Once we arrive at Pen Mar Park, a really lovely looking place to have a picnic and let kids run around, the hike down to the Mason-Dixon line marking the start of the Pennsylvania section of the trail. It was a cool morning, but the walk down the gravel road and then over train tracks got enough blood pumping that a jacket wasn’t necessary. At the Mason-Dixon line, there is a mailbox with a notebook where hikers leave the date, their names or trail names, and why they are hiking. As I was writing our names, Henry suddenly declared his trail name — for the next five minutes — was going to be Sunshine, which is why his name is crossed out and Sunshine written above.

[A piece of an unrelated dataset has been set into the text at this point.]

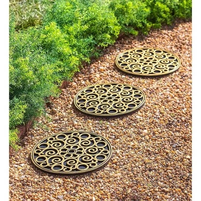 These easy-to-use Recycled Rubber Stepping Stones, Set of 3 look like metal thanks to a metallic finish on the floral and scrollwork designs. The recycled rubber stones are an eco-friendly and long-lasting solution for your garden. Use several sets of three to create a path. You can also use them as accents in a flower bed or at a muddy stair landing to reduce slippage. Scrollwork stones have a golden metallic design; floral have a deep bronze finish design. Both styles have a black background.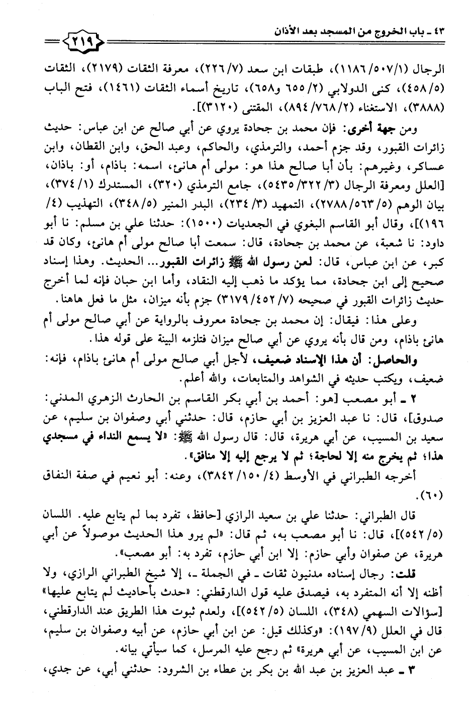 ٢ - أبو مصعب [هو: أحمد بن أبي بكر القاسم بن الحارث الزهري المدني: صدوق]، قال: نا عبد العزيز بن أبي حازم، قال: حدثني أبي وصفوان بن سليم، عن سعيد بن المسيب، عن أبي هريرة، قال: قال رسول الله - صلى الله عليه وسلم -: "لا يسمع النداء في مسجدي هذا؛ ثم يخرج منه إلا لحاجة؛ ثم لا يرجع إليه إلا منافق".

So how does the Appalachian Trail Conservancy describe Pennsylvania?
“Pennsylvania’s nickname is “Rocksylvania,” but it’s not all rocks. The A.T. in Pennsylvania is famed for its rocky terrain, especially on the long, flat ridges north of the Susquehanna River. The southern part of the state offers some of the gentlest, smoothest terrain of the entire A.T., including the Cumberland Valley.”Appalachian Trail Conservancy
That’s right! Rocks again! And boy were they right. I still take umbrage with the idea that we are hiking the “smoothest, gentlest” part of the trail right now. The ATC goes on to talk about steep ascents and descents, especially along the Susquehanna, and trail highlights like the “half-gallon challenge” which we will talk about, fingers crossed, later this year.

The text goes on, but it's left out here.